While many South Florida bars and restaurants are preparing for the large crowds of fans dining out on the biggest night in professional football, an Italian restaurant in Fort Lauderdale is gearing up for a tradition of its own.
For the eighth consecutive year, kitchenetta will close its door on Super Bowl Sunday so that its employees can watch the game with family and friends.
"I'm very happy about that," said Domenic D'Angelo, pizza chef at kitchenetta. "The Super Bowl is like a holiday. You got Christmas and then you got the Super Bowl."
Though he has no particular allegiance to either Super Bowl XLVII contender -- San Francisco 49ers or Baltimore Ravens -- D'Angelo said he's excited about having the day off and hosting about 20 people at his house for the game.

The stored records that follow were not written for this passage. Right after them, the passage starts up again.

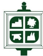
Horsmonden Parish Council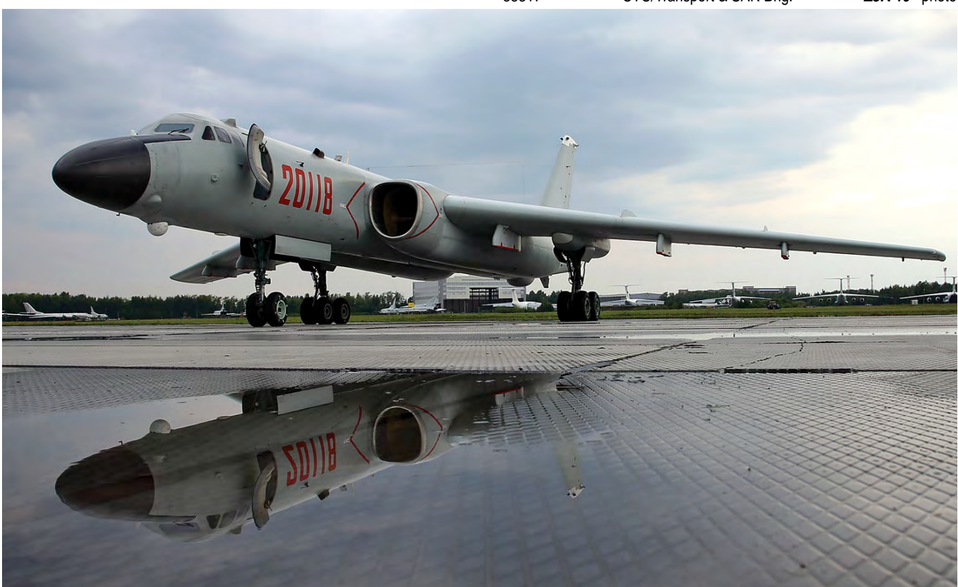
A very impressive aircraft within the People's Liberation Army Air Force is without doubt the Xian H-6. Dmitriy Pichugun photographed this H-6 during the International Army Games at Dyagilevo Air base. (20 July 2018)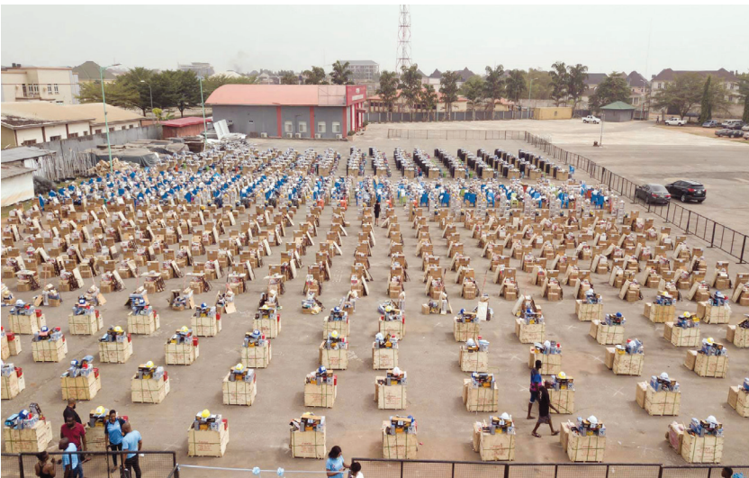
Starter Packs for RYSA trainees

WESAP, WIDOWS EMPOWERMENT & DESOPADEC skill acquisition and empowerment programme.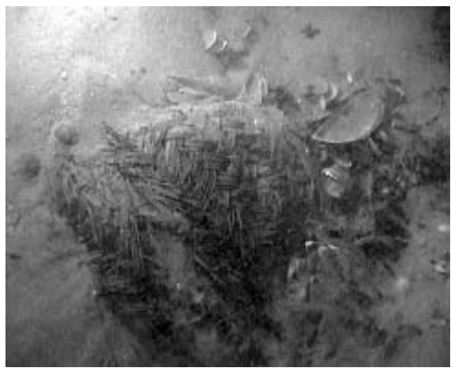
Figure 4: A Spanish olive jar with basket, within a few hours the basket disappeared due to the strong currents on the site

processes is rapid? The protection of a site should be a combination of a legal and, if necessary, a physical protection.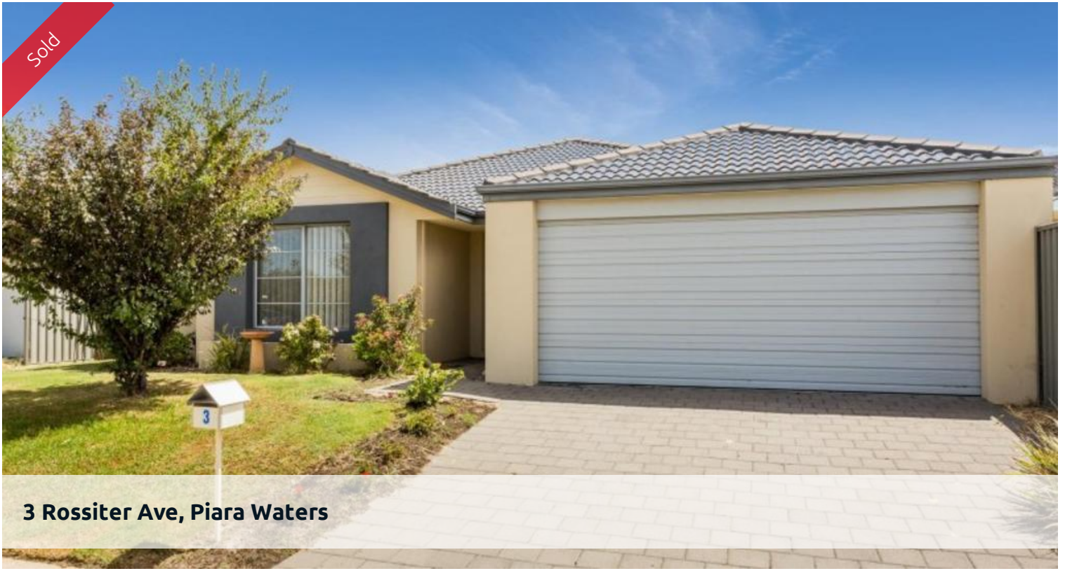
3 Rossiter Ave, Piara Waters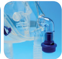
Configuration for single limb ventilator or CPAP Generator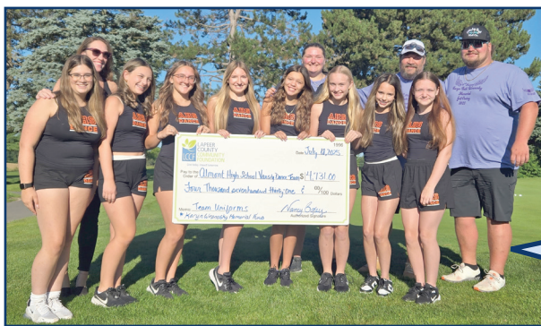
Karen Wranosky Memorial Fund

The Dave & Jackie Whitton/Big Sky Acres Memorial Fund supports the needs of the most vulnerable, such as hunger, homelessness, domestic violence, and compassionate care through hospice.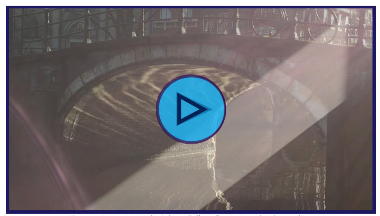
Figure 1: Alexander Nevill, iPhone Collage. Screenshot with link to video.

following a provocation from my supervisory team, I started filming an ad-hoc collection of moving imagery using my iPhone throughout daily activities which focused on rare or illustrative instances of ambient light.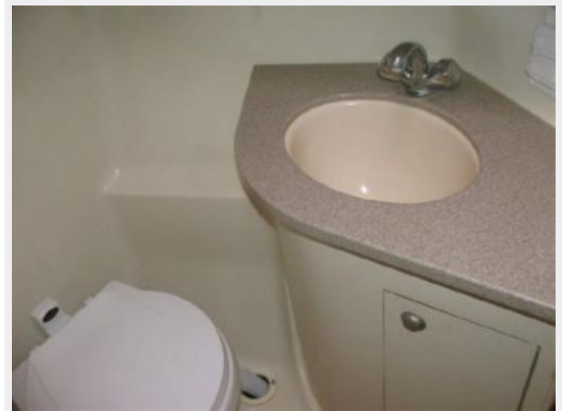
Forward Guest Head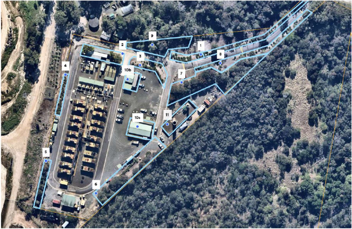
Figure 2 Location key of vegetation and potential biodiversity values within the project site (Nearmap, 2025)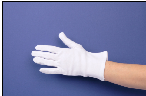
Ladies Stockinette Knit Wrist Gloves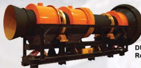
DUCTA-CLEAN® Rotary Media Drum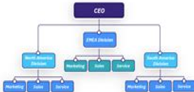
3. Geography-Based Organizational Design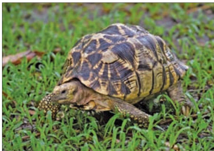
A tortoise seen in the farm.

He added: "Since 2012, we returned three baby star tortoises to the forest and fed them natural products. The breeding of the Myanmar star tortoise is difficult; however, the project produced successful outcomes, resulting in population gains every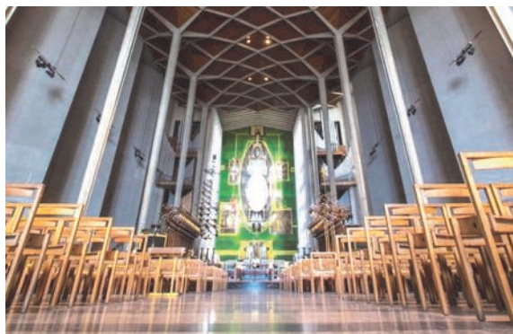
An empty Coventry Cathedral.

As I shut down the organ at Saint Peter's on Sunday morning, I realised I had no idea when the music would sound out again with church closures and curfews during the present health emergency. However, music can be accessed via the internet, radio, streaming services and CDs so all is not lost during these testing times.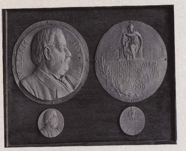
Nos. 13, 14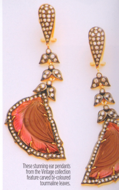
These stunning ear pendants from the Vintage collection feature carved bi-coloured tourmaline leaves.

Exclusive designs are the firm's forte. Each jewellery piece is skilfully handcrafted by the best of artisans and manufactured with high quality control standards.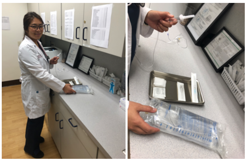
IV (intravenous therapy) for normal hydration, multi-vitamin infusion, detox, anti-aging and immune boost IV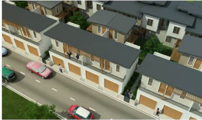
Figure 3: 4 Units, 1 Entrance, Communal Courtyard & Rental Rooms on top of Garages

Everybody wants his own address that is not only a number on the wall but something that is different and can be referred to.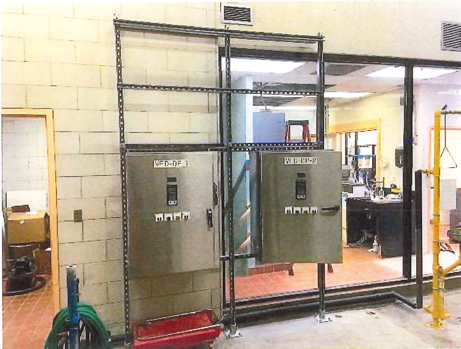
Figure 1 – Two new VFD cabinets to power Hose Pumps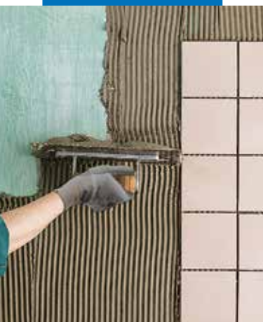
Laying on gypsum treated with Primer G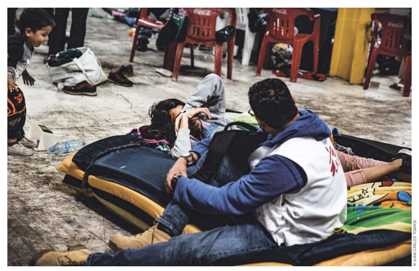
In February 2019, an MSF team worked in Piedras Negras (Coahuila, Mexico), following the arrival of a caravan of 1,700 migrants.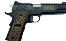
KIMBER CUSTOM II .45ACP WITH NRA LOGO/SERIALIZATION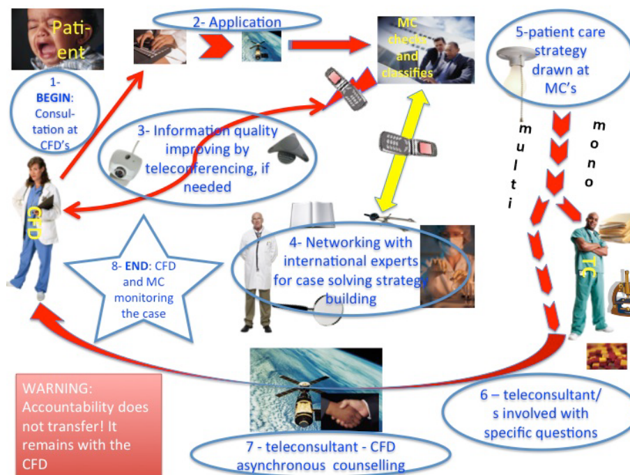
Figure 1: The process of medical teleconsultation.

text form: a) the full identification data of the patient (name, surname, gender, date of birth, municipality of residence, weight and height); b) the clinical history related to the actual reason for the consultation; c) the relevant semiotic aspects of the physical examination; d) the hypothesized diagnosis or the differential diagnosis diagram; e) on-going and relevant previous medications and f) the specific demands or questions he wishes to be addressed by the consultants. The free text application may have attachments such as pictures of important semiotic features (e.g. lesions of the skin, of goiter, etc.) to show, X-ray tests, electrocardiograms, growth cards, and other significant and pertinent clinical documents in the most common electronic formats (JPEG, PDF, Word, Mp4, etc.).

D'Angelo, who has worked at kitchenetta for only a year, thought it was a joke when he found out the restaurant closed for the Super Bowl.
"But then I saw the schedule in the back and said 'well, this is great'," D'Angelo said about his first year working there. "When I started the [Arizona] Cardinals were in it, that was awesome."
The tradition didn't start because kitchenetta's owner is a big football fan.
"I'm not really too hip on what's going on in the sports world," Vincent Foti said. For instance, with the Miami Heat, he knows that "one guy is from Cleveland," he said, referring to the popular basketball star LeBron James.
In 2006, two years after the restaurant opened, the kitchen's exhaust system broke down and Foti couldn't get anyone to fix it till the following Monday, he said. So he decided to close the restaurant that Sunday.
The next work day "everyone came back and were so joyful not to have to work Super Bowl Sunday I decided not to open on that day anymore," Foti, 52, said.
It's not a "tremendous amount of business" the restaurant will miss out on, with Sunday sales ranging from $7,000 to $10,000, Foti said. The day off is not paid to the hourly-wage employees, but they are happy with the extra time off, he said.
Patrick Michael Buckley, a waiter at the restaurant, said he's been working at kitchenetta since the equipment malfunction several years ago.
"Originally, it was a mistake," said Buckley, 43. "But hey, we'll take that mistake."
Buckley plans to watch the game at his house with his family and about a dozen friends, he said.
"There's nothing like watching it live, especially if you experience it with someone like your son or someone that cares about it to the same extent you care about it," Buckley said.